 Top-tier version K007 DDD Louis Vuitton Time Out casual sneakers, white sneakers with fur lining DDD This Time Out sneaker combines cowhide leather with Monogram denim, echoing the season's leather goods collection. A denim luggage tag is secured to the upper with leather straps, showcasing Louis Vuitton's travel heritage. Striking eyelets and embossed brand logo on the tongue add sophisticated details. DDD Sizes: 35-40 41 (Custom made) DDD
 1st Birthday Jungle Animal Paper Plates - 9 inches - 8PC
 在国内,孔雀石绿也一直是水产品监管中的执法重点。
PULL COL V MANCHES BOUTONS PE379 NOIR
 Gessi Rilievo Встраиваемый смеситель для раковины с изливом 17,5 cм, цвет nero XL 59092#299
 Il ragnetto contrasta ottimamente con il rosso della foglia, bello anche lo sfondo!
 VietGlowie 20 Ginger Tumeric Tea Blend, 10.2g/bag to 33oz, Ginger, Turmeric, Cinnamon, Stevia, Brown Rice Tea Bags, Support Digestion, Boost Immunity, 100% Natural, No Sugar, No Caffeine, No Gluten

* * *

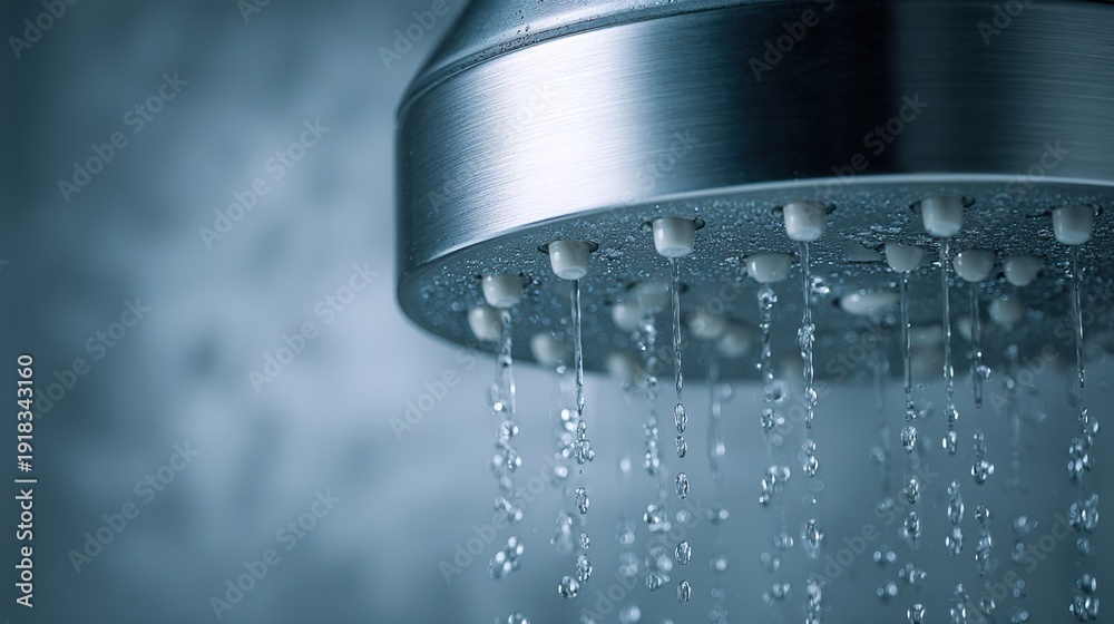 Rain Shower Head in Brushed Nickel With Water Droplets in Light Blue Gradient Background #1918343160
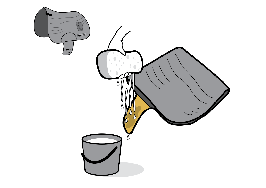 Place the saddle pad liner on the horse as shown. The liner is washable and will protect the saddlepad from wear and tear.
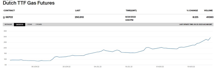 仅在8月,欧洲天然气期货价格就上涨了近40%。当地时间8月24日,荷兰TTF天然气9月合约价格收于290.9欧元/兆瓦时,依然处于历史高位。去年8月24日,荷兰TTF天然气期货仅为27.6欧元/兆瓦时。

→ Assignment: Set down, from the entries above, exactly the lines from the one with "PULL COL V MANCHES BOUTONS PE379 NOIR" up to and including the one with "VietGlowie 20 Ginger", and no other lines.

→ Solved problem:
PULL COL V MANCHES BOUTONS PE379 NOIR
 Gessi Rilievo Встраиваемый смеситель для раковины с изливом 17,5 cм, цвет nero XL 59092#299
 Il ragnetto contrasta ottimamente con il rosso della foglia, bello anche lo sfondo!
 VietGlowie 20 Ginger Tumeric Tea Blend, 10.2g/bag to 33oz, Ginger, Turmeric, Cinnamon, Stevia, Brown Rice Tea Bags, Support Digestion, Boost Immunity, 100% Natural, No Sugar, No Caffeine, No Gluten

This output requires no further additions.